= Yale shooting problem =

Problem in formal logic

The Yale shooting problem is a conundrum or scenario in formal situational logic on which early logical solutions to the frame problem fail. The name of this problem comes from a scenario proposed by its inventors, Steve Hanks and Drew McDermott, working at Yale University when they proposed it. In this scenario, Fred (later identified as a turkey) is initially alive and a gun is initially unloaded. Loading the gun, waiting for a moment, and then shooting the gun at Fred is expected to kill Fred. However, if inertia is formalized in logic by minimizing the changes in this situation, then it cannot be uniquely proved that Fred is dead after loading, waiting, and shooting. In one solution, Fred indeed dies; in another (also logically correct) solution, the gun becomes mysteriously unloaded and Fred survives.

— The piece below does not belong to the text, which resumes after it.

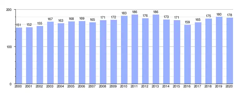 | Gráfica de evolución demográfica de Careñes[2] entre 2000 y 2020 |
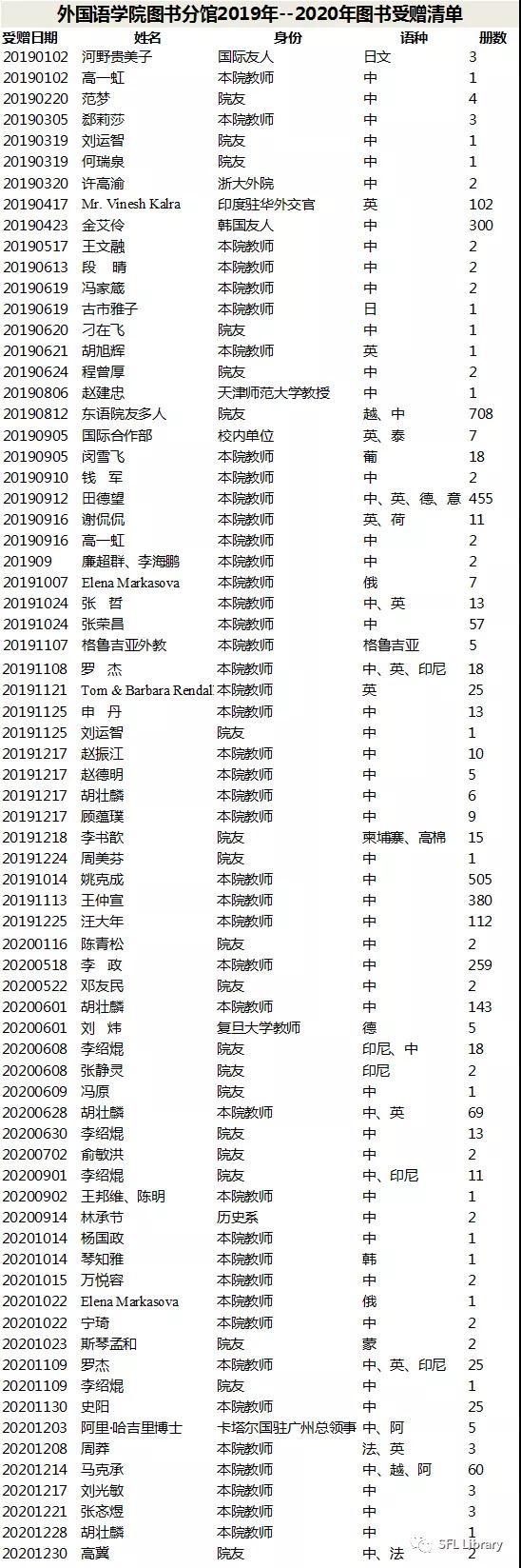 2019-2020年图书受赠名单

Technically, this scenario is described by two fluents (a fluent is a condition that can change truth value over time): $alive$ and $loaded$. Initially, the first condition is true and the second is false. Then, the gun is loaded, some time passes, and the gun is fired. Such problems can be formalized in logic by considering four time points $0$, $1$, $2$, and $3$, and turning every fluent such as $alive$ into a predicate $alive(t)$ depending on time. A direct formalization of the statement of the Yale shooting problem in logic is the following one:

 $alive(0)$
 $\neg loaded(0)$
 $true \rightarrow loaded(1)$
 $loaded(2) \rightarrow \neg alive(3)$

The first two formulae represent the initial state. The third formula formalizes the effect of loading the gun at time $1$. The fourth formula formalizes the effect of shooting at Fred at time $2$. This is a simplified formalization in which action names are neglected and the effects of actions are directly specified for the time points in which the actions are executed. See situation calculus for details.

The formulae above, while being direct formalizations of the known facts, do not suffice to correctly characterize the domain. Indeed, $\neg alive(1)$ is consistent with all these formulae, although there is no reason to believe that Fred dies before the gun has been shot. The problem is that the formulae above only include the effects of actions, but do not specify that all fluents not changed by the actions remain the same. In other words, a formula $alive(0) \equiv alive(1)$ must be added to formalize the implicit assumption that loading the gun only changes the value of $loaded$ and not the value of $alive$. The necessity of a large number of formulae stating the obvious fact that conditions do not change unless an action changes them is known as the frame problem.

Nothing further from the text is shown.